▶ [Input records]

Segment Open

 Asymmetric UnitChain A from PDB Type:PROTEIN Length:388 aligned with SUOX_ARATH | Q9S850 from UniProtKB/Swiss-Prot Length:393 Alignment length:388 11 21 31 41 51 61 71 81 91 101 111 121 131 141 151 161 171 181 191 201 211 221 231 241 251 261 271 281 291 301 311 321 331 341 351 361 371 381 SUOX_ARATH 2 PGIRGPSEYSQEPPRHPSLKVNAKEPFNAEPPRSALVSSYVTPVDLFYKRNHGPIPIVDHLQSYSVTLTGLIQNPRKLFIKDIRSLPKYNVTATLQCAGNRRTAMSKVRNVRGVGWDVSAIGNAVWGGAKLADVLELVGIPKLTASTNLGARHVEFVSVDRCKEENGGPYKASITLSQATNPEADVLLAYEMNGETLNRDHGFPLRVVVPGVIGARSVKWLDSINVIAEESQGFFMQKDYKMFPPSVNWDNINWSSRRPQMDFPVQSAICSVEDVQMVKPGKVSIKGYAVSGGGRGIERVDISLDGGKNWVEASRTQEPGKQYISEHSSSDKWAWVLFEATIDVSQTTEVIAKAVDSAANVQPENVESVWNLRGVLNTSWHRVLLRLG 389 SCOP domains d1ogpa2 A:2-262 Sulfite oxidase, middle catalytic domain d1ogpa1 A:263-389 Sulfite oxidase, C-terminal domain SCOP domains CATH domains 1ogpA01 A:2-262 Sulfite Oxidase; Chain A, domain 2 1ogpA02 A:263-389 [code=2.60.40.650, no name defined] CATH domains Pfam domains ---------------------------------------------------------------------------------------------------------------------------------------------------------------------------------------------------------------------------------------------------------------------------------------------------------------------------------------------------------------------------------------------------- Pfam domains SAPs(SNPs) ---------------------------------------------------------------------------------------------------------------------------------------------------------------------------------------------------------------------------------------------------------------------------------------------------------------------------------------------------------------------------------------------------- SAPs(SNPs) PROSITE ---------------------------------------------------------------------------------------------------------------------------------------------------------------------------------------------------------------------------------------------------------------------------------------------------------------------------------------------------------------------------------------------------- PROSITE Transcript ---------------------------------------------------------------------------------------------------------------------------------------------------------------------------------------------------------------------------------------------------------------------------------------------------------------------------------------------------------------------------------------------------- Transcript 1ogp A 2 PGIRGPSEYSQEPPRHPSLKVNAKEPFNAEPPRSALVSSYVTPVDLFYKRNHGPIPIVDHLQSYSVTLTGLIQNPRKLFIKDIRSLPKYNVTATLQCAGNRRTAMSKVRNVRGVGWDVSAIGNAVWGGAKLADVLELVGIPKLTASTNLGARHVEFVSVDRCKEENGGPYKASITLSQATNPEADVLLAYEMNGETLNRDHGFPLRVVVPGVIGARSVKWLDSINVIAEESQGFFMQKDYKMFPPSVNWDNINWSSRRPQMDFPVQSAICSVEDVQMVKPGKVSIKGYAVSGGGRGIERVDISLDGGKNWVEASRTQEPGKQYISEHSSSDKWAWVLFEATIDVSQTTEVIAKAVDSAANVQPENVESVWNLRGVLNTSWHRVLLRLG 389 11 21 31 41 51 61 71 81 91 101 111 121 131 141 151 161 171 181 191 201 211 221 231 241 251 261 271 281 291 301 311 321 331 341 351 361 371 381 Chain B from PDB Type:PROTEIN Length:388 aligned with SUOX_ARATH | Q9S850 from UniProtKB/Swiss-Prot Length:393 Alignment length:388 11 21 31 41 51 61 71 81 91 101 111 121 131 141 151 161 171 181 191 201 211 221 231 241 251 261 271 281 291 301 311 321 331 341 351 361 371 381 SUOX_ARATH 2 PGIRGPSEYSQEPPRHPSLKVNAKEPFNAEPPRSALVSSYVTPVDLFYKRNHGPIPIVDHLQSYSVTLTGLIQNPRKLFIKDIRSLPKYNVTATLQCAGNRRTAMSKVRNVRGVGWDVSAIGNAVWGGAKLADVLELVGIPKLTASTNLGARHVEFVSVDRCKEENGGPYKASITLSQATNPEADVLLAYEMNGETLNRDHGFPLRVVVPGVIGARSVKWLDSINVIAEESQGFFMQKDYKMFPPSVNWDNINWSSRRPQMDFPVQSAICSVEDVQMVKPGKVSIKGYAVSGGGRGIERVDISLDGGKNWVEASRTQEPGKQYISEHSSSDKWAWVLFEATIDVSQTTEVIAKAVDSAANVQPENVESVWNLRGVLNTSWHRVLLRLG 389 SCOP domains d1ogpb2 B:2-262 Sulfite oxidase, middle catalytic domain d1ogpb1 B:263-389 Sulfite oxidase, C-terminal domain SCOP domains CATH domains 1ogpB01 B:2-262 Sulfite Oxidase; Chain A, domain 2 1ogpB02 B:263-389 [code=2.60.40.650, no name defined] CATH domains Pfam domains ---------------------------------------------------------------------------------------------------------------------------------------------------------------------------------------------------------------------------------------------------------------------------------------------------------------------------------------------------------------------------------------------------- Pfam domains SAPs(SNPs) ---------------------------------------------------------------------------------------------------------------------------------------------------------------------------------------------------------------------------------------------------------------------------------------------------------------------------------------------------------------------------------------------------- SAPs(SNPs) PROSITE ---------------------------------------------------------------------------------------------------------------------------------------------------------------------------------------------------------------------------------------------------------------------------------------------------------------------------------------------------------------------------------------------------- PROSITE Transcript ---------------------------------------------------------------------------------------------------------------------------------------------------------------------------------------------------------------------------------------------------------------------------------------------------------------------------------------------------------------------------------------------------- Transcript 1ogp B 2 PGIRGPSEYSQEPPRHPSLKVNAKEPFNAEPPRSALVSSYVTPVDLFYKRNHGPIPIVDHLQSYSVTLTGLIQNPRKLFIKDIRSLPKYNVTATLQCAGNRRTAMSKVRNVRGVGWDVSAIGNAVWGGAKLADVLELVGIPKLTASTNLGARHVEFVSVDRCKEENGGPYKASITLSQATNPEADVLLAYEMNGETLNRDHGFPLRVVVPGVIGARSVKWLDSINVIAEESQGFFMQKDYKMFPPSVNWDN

Segment Closed
Segment Open

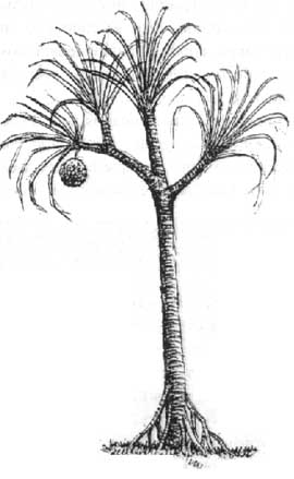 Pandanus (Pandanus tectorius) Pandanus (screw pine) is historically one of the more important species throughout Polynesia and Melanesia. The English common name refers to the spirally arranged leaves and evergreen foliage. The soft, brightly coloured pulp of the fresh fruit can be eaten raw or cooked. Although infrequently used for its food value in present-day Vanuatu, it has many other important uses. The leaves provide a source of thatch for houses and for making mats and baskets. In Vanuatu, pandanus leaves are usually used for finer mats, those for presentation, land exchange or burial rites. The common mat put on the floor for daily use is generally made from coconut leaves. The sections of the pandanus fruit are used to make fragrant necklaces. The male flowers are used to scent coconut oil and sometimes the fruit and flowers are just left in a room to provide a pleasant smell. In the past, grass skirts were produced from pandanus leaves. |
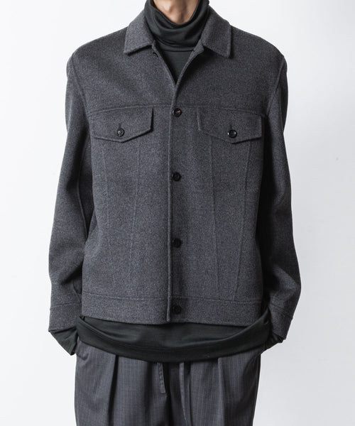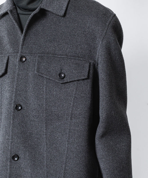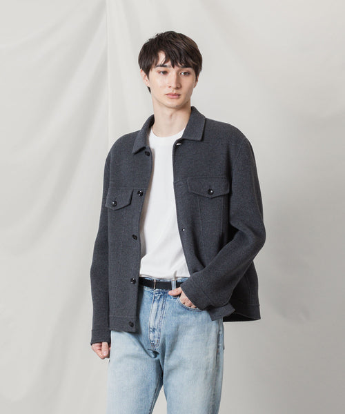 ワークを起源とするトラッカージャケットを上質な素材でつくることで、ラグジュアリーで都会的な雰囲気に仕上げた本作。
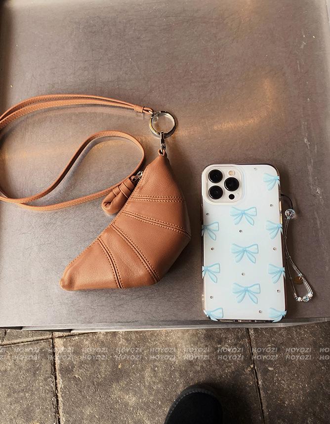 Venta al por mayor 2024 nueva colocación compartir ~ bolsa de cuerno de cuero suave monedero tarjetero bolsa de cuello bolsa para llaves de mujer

Segment Closed

With pictures excluded, reproduce exactly the lines above from the one containing "Pandanus (Pandanus tectorius)" down to the one containing "Venta al por", those two included.

▶ [Your response]
 Pandanus (Pandanus tectorius) Pandanus (screw pine) is historically one of the more important species throughout Polynesia and Melanesia. The English common name refers to the spirally arranged leaves and evergreen foliage. The soft, brightly coloured pulp of the fresh fruit can be eaten raw or cooked. Although infrequently used for its food value in present-day Vanuatu, it has many other important uses. The leaves provide a source of thatch for houses and for making mats and baskets. In Vanuatu, pandanus leaves are usually used for finer mats, those for presentation, land exchange or burial rites. The common mat put on the floor for daily use is generally made from coconut leaves. The sections of the pandanus fruit are used to make fragrant necklaces. The male flowers are used to scent coconut oil and sometimes the fruit and flowers are just left in a room to provide a pleasant smell. In the past, grass skirts were produced from pandanus leaves. |
 ワークを起源とするトラッカージャケットを上質な素材でつくることで、ラグジュアリーで都会的な雰囲気に仕上げた本作。
 Venta al por mayor 2024 nueva colocación compartir ~ bolsa de cuerno de cuero suave monedero tarjetero bolsa de cuello bolsa para llaves de mujer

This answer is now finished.